An exact copy is needed of the lines in the entries below from the line with "2 целых 5/8, 3" up to and including the line with "- IMPORTANTE! Non", and of nothing else. Leave the pictures out.

» **Supplied records**
====
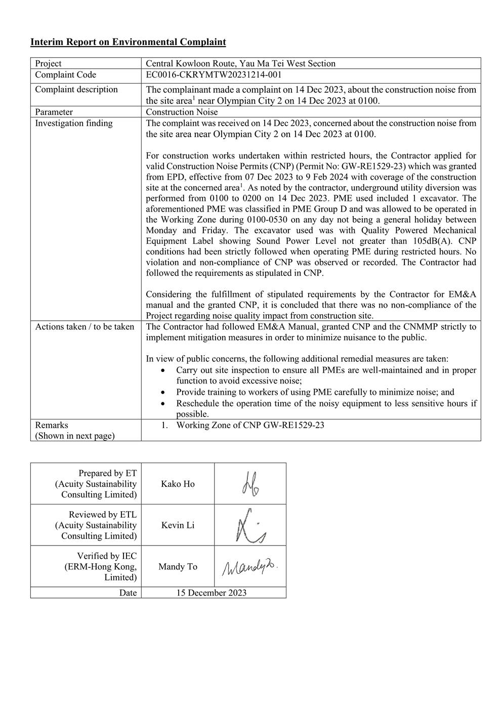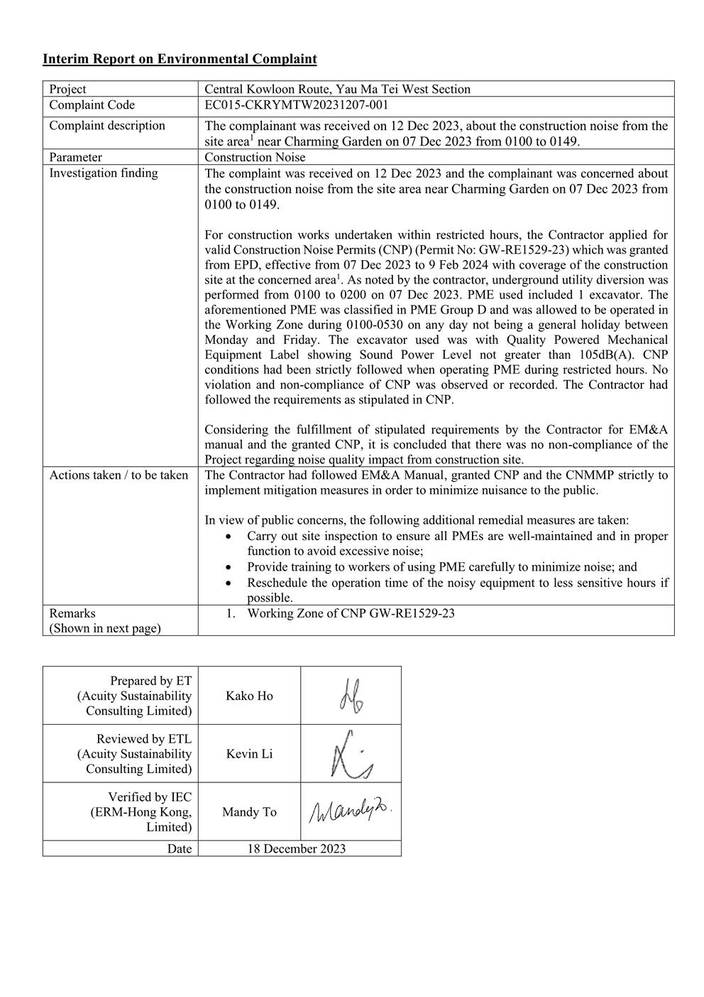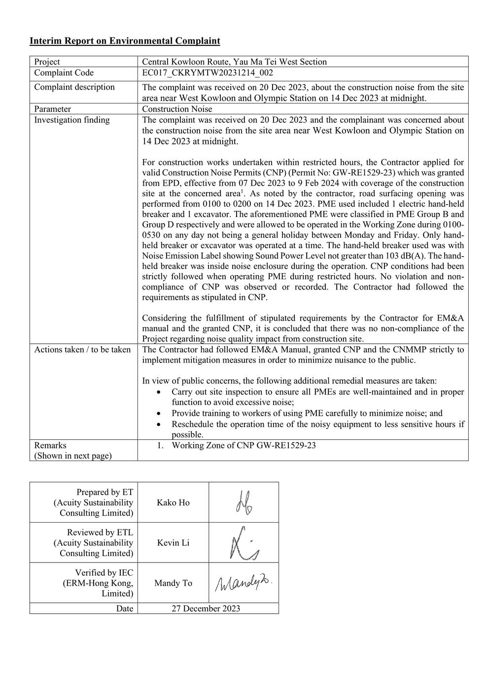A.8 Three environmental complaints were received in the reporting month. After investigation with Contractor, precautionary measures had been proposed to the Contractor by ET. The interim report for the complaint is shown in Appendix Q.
====
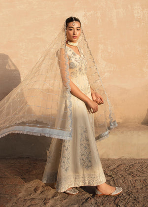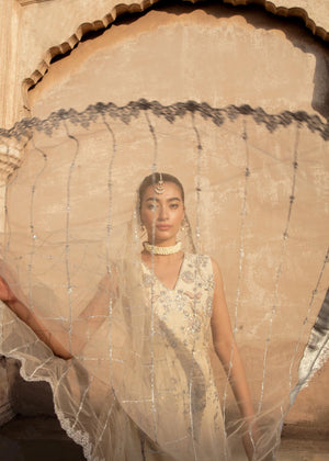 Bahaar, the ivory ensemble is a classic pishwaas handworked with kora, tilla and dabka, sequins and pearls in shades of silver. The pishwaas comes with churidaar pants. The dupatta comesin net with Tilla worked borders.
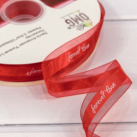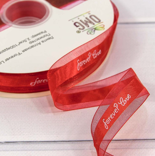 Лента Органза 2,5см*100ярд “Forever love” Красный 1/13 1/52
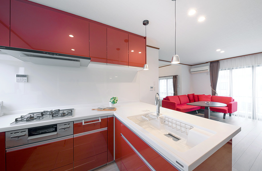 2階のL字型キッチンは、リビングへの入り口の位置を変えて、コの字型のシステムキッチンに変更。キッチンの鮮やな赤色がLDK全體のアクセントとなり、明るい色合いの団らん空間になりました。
====
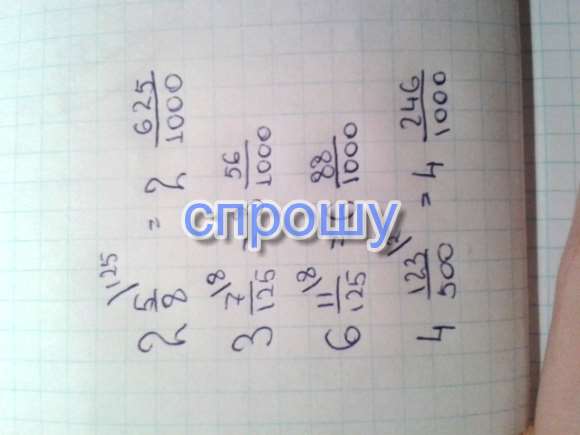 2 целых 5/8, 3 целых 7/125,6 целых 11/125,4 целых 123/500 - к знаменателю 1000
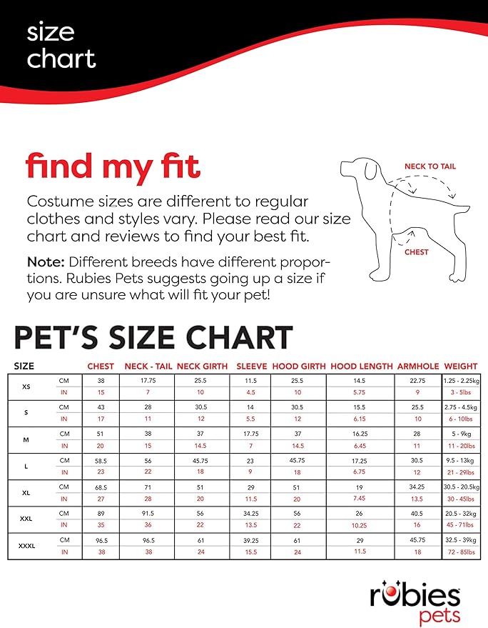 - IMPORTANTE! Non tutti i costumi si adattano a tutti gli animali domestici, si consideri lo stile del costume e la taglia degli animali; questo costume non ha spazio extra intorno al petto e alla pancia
====
» **Solution to this exercise**
 2 целых 5/8, 3 целых 7/125,6 целых 11/125,4 целых 123/500 - к знаменателю 1000
 - IMPORTANTE! Non tutti i costumi si adattano a tutti gli animali domestici, si consideri lo stile del costume e la taglia degli animali; questo costume non ha spazio extra intorno al petto e alla pancia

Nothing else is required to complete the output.